Shi Zhi, Tiwari Amit K, Shukla Suneet, Robey Robert W, Kim In-Wha, Parmar Smitaben, Bates Susan E, Si Qiu-Sheng, Goldblatt Curtis S, Abraham Ioana, Fu Li-Wu, Ambudkar Suresh V, Chen Zhe-Sheng
Department of Pharmaceutical Sciences, College of Pharmacy and Allied Health Professions, St. John's University, Jamaica, NY 11439, USA.
Biochem Pharmacol. 2009 Mar 1;77(5):781-93. doi: 10.1016/j.bcp.2008.11.007. Epub 2008 Nov 18.

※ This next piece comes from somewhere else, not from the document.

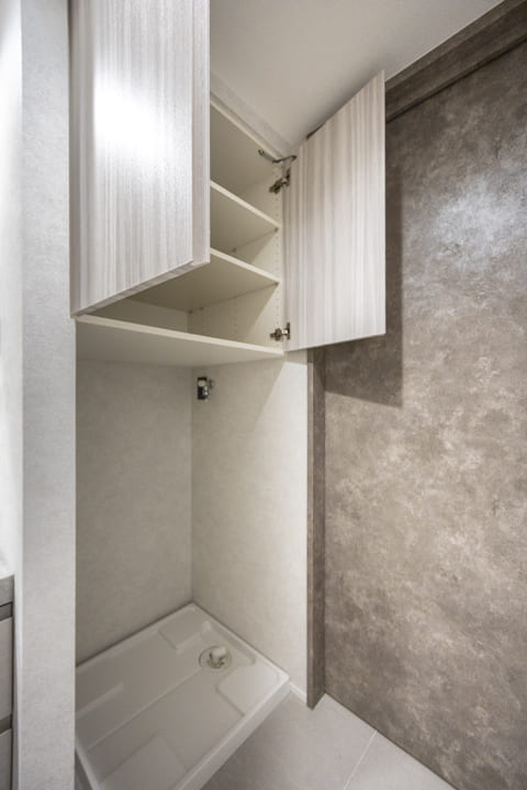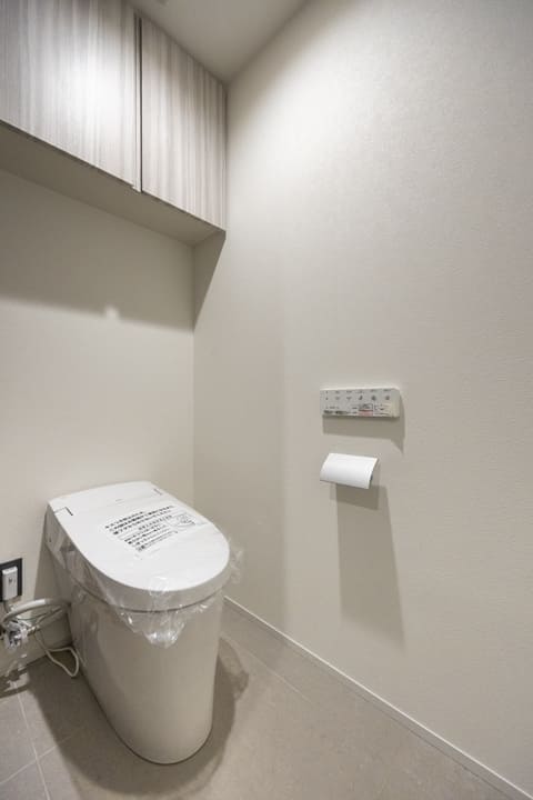 ウォシュレット一体型のトイレです。タンクレスタイプなのですっきりとした印象に。上部には吊戸棚が設置されていて、トイレットペーパーや掃除用品などを収納することができます。

The tyrphostin 4-(3-chloroanilino)-6,7-dimethoxyquinazoline (AG1478) is a potent and specific EGFR tyrosine kinase inhibitor (TKI); its promising pre-clinical results have led to clinical trials. Overexpression of ATP-binding cassette (ABC) transporters such as ABCB1, ABCC1 and ABCG2 is one of the main causes of multidrug resistance (MDR) and usually results in the failure of cancer chemotherapy. However, the interaction of AG1478 with these ABC transporters is still unclear. In the present study, we have investigated this interaction and found that AG1478 has differential effects on these transporters. In ABCB1-overexpressing cells, non-toxic doses of AG1478 were found to partially inhibit resistance to ABCB1 substrate anticancer drugs as well as increase intracellular accumulation of [3H]-paclitaxel. Similarly, in ABCG2-overexpressing cells, AG1478 significantly reversed resistance to ABCG2 substrate anticancer drugs and increased intracellular accumulation of [3H]-mitoxantrone as well as fluorescent compound BODIPY-prazosin. AG1478 also profoundly inhibited the transport of [3H]-E(2)17betaG and [3H]-methotrexate by ABCG2. We also found that AG1478 slightly stimulated ABCB1 ATPase activity and significantly stimulated ABCG2 ATPase activity. Interestingly, AG1478 did not inhibit the photolabeling of ABCB1 or ABCG2 with [125I]-iodoarylazidoprazosin. Additionally, AG1478 did not alter the sensitivity of parental, ABCB1- or ABCG2-overexpressing cells to non-ABCB1 and non-ABCG2 substrate drug and had no effect on the function of ABCC1. Overall, we conclude that AG1478 is able to inhibit the function of ABCB1 and ABCG2, with a more pronounced effect on ABCG2. Our findings provide valuable contributions to the development of safer and more effective EGFR TKIs for use as anticancer agents in the clinic.
tyrphostin 4-(3-氯苯胺基)-6,7-二甲氧基喹唑啉(AG1478)是一种强效且特异性的表皮生长因子受体(EGFR)酪氨酸激酶抑制剂(TKI);其在临床前研究中取得的良好结果已推动了临床试验的开展。ATP结合盒(ABC)转运蛋白如ABCB1、ABCC1和ABCG2的过表达是多药耐药(MDR)的主要原因之一,通常会导致癌症化疗失败。然而,AG1478与这些ABC转运蛋白之间的相互作用仍不清楚。在本研究中,我们对这种相互作用进行了研究,发现AG1478对这些转运蛋白具有不同的影响。在ABCB1过表达的细胞中,发现无毒剂量的AG1478可部分抑制对ABCB1底物抗癌药物的耐药性,并增加[3H] - 紫杉醇在细胞内的蓄积。同样,在ABCG2过表达的细胞中,AG1478可显著逆转对ABCG2底物抗癌药物的耐药性,并增加[3H] - 米托蒽醌以及荧光化合物BODIPY - 哌唑嗪在细胞内的蓄积。AG1478还可显著抑制ABCG2对[3H] - E(2)17βG和[3H] - 甲氨蝶呤的转运。我们还发现AG1478可轻微刺激ABCB1的ATP酶活性,并显著刺激ABCG2的ATP酶活性。有趣的是,AG1478不会抑制[125I] - 碘芳基叠氮哌唑嗪对ABCB1或ABCG2的光标记作用。此外,AG1478不会改变亲本细胞、ABCB1或ABCG2过表达细胞对非ABCB1和非ABCG2底物药物的敏感性,且对ABCC1的功能没有影响。总体而言,我们得出结论,AG1478能够抑制ABCB1和ABCG2的功能,对ABCG2的作用更为显著。我们的研究结果为开发更安全、更有效的EGFR TKIs作为临床抗癌药物提供了有价值的贡献。